Obwohl beide Verfahren zum Verbinden von Metallen verwendet werden, gibt es einen wesentlichen Unterschied zwischen dem Punktschweißen und dem Heftschweißen: Das Heftschweißen ist ein wichtiges Verfahren, das dazu dient, die zu verschweißenden Teile vorübergehend in der richtigen Position und Ausrichtung zu halten. Das Punktschweißen hingegen ist eines der ältesten Schweißverfahren, mit dem zwei oder mehr Bleche dauerhaft miteinander verbunden werden, in der Regel ohne Verwendung von Zusatzwerkstoffen.

Bevor wir weitermachen, wollen wir uns die beiden Arten von Schweißverfahren ansehen...

TWI

TWI unterstützt seine industriellen Mitglieder vielen Aufgaben und Herausforderungen in den Bereichen Schweißen, Fügen und Trennen, einschließlich Heftschweißen vor dem endgültigen Verschweißen, Heftschweißen von Betonstahl, Widerstandspunktschweißen, Laserpunktschweißen und Verzugsminimierung.
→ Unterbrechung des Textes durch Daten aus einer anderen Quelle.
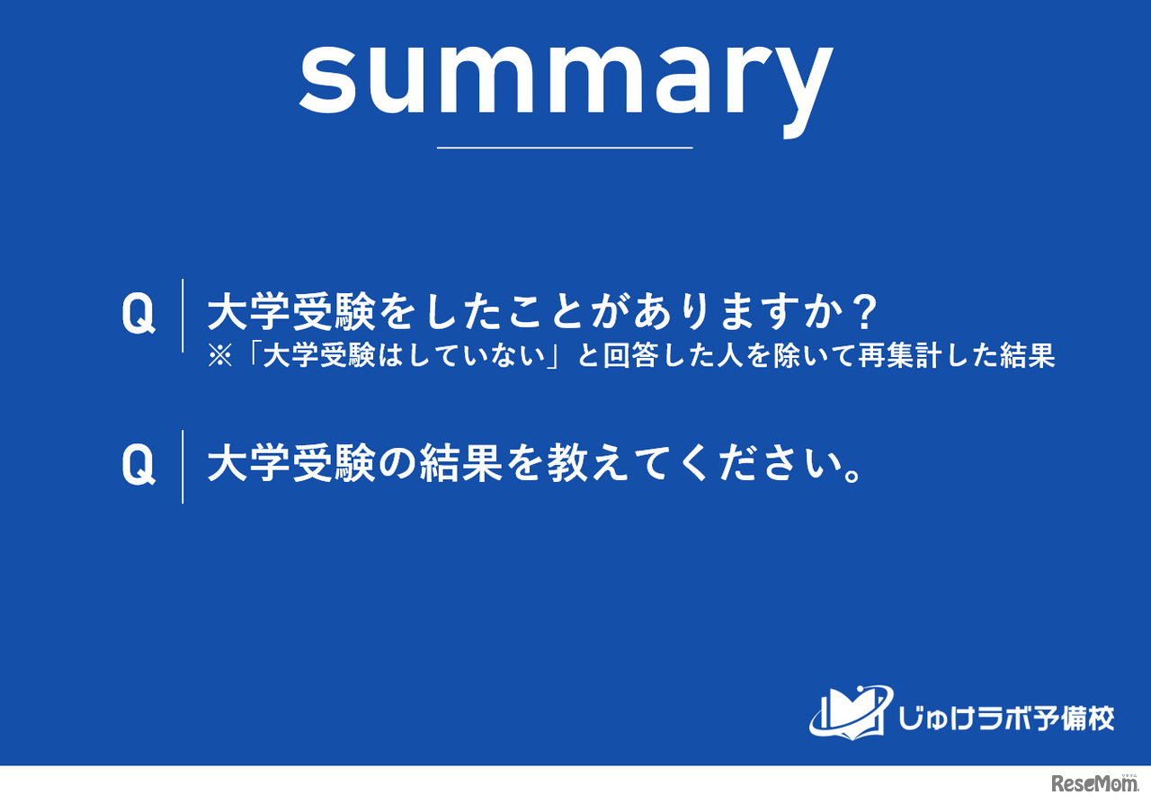 じゅけラボ予備校は2024年5月7日、大学受験の合否に関するアンケート調査の結果を発表した。現役合格率は88.1%で、そのうち約2割は第一志望に落ちても浪人を選択せず第二志望以降の大学へ進学したことがわかった。

TWI ist eine auf industrieller Mitgliedschaft basierende Organisation. Die Experten von TWI können Ihrem Unternehmen eine Ergänzung zu Ihren eigenen Ressourcen bieten. Unsere Experten haben es sich zur Aufgabe gemacht, der Industrie bei der Verbesserung von Sicherheit, Qualität, Effizienz und Rentabilität in allen Aspekten der Schweiß- und Fügetechnik zu helfen. Die industrielle Mitgliedschaft im TWI erstreckt sich derzeit auf über 600 Unternehmen weltweit und umfasst alle Industriezweige.

Sie können mehr erfahren, indem Sie sich auf Englisch mit uns in Verbindung setzen:

kontakt@twi-deutschland.com

 

Was ist eine Heftschweißung?

Beim Heftschweißen werden unedle Metalle mit kurzen Schweißraupen miteinander verbunden. Dadurch werden die Werkstücke in der richtigen Position für das endgültige Schweißen ausgerichtet.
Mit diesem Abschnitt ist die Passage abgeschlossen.